3. The light-emitting device according to claim 1, wherein

the first light source includes at least one first vertical cavity surface emitting laser element, the second light source includes a plurality of second vertical cavity surface emitting laser elements, and

the light-emitting device is driven with a light output such that a power conversion efficiency of the first vertical cavity surface emitting laser element is lower than a power conversion efficiency of the second vertical cavity surface emitting laser element.

4. The light-emitting device according to claim 2, wherein

the first vertical cavity surface emitting laser element is driven such that a light output of one of the first vertical cavity surface emitting laser element is in a range of 1 mW or more and 4 mW or less.

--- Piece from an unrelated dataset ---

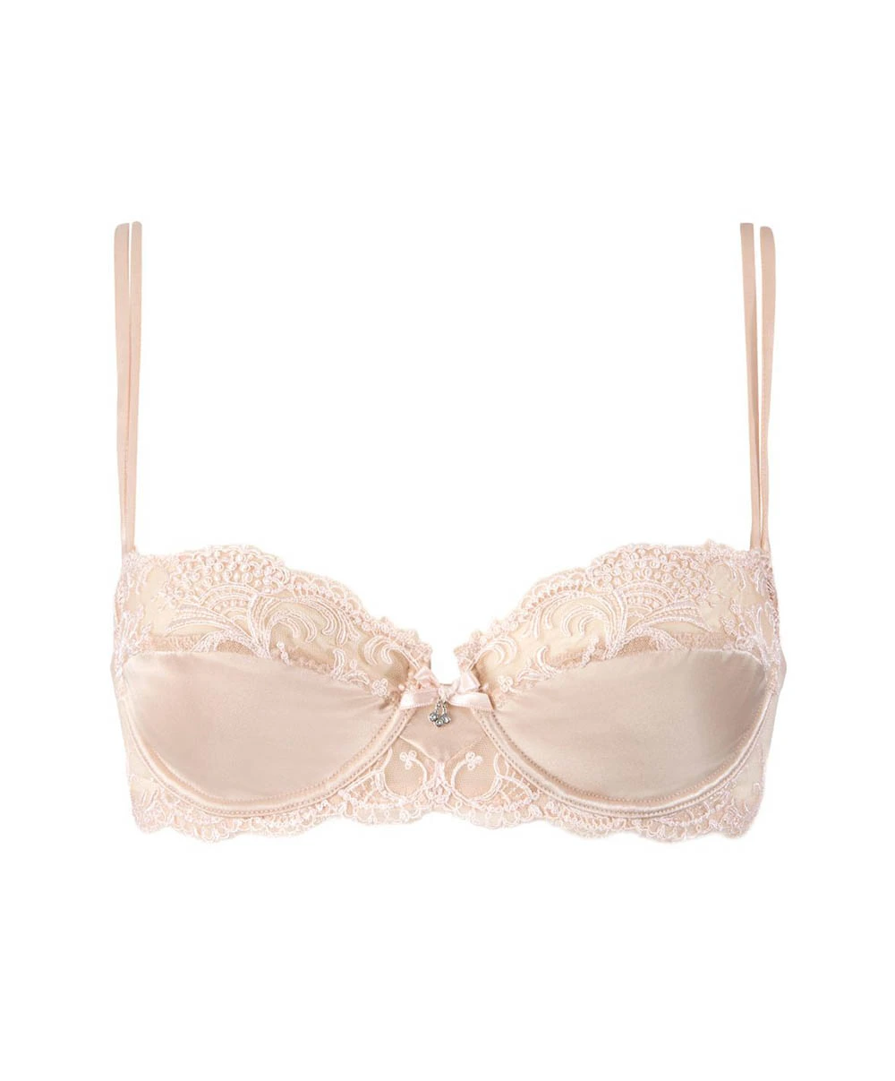 Soutien-gorge corbeille en soie de la collection Splendeur soie de la marque de lingerie Lise charmel. Une pièce à la forme pigeonnante galbant la poitrine pour un bel effet bien rond. Le bas bonnets en satin contraste avec le décolleté en tulle brodé qui joue de transparence pour plus de séduction. Le graphisme de la broderie qui compose ce soutien-gorge corbeille lise charmel s’inspire des fines gravures sur verres. Une des plus envoutantes créations de la saison avec ces matières nobles et ses finitions parfaites.

5. The light-emitting device according to claim 3, wherein

the first vertical cavity surface emitting laser element is driven such that a light output of one of the first vertical cavity surface emitting laser element is in a range of 1 mW or more and 4 mW or less.

6. The light-emitting device according to claim 2, wherein

the second vertical cavity surface emitting laser element is driven such that a light output of one of the second vertical cavity surface emitting laser element is in a range of 4 mW or more and 8 mW or less.

7. The light-emitting device according to claim 3, wherein

the second vertical cavity surface emitting laser element is driven such that a light output of one of the second vertical cavity surface emitting laser element is in a range of 4 mW or more and 8 mW or less.

8. The light-emitting device according to claim 4, wherein

the second vertical cavity surface emitting laser element is driven such that a light output of one of the second vertical cavity surface emitting laser element is in a range of 4 mW or more and 8 mW or less.

9. The light-emitting device according to claim 5, wherein

the second vertical cavity surface emitting laser element is driven such that a light output of one of the second vertical cavity surface emitting laser element is in a range of 4 mW or more and 8 mW or less.

10. The light-emitting device according to claim 2, wherein

the first vertical cavity surface emitting laser element has a long cavity structure having a cavity length of 5λ or more and 20λ or less when an oscillation wavelength is λ.

11. An optical device, comprising:

the light-emitting device according to claim 1; and

a light receiving unit that receives a first reflected light emitted from the first light source of the light-emitting device and reflected by an object to be measured and a second reflected light emitted from the second light source of the light-emitting device and reflected by the object to be measured,

wherein the light receiving unit outputs a signal corresponding to a time from when light is emitted from the first light source to when the light from the first light source is received by the light receiving unit, and a signal corresponding to a time from when light is emitted from the second light source to when the light from the second light source is received by the light receiving unit.

12. An optical device, comprising:

the light-emitting device according to claim 1; and

a light receiving unit that receives a first reflected light emitted from the first light source of the light-emitting device and reflected by an object to be measured and a second reflected light emitted from the second light source of the light-emitting device and reflected by the object to be measured,

wherein light is emitted from the second light source in a case where the first reflected light indicates that the object to be measured is present within a predetermined distance.

13. An information processing device, comprising:

the optical device according to claim 11, and

a shape specifying unit that specifies a three-dimensional shape of the object to be measured based on a second reflected light emitted from the second light source of the optical device and reflected by the object to be measured.

14. The information processing device according to claim 13, further comprising

an authentication processing unit that performs authentication processing related to use of the information processing device based on a specification result by the shape specifying unit.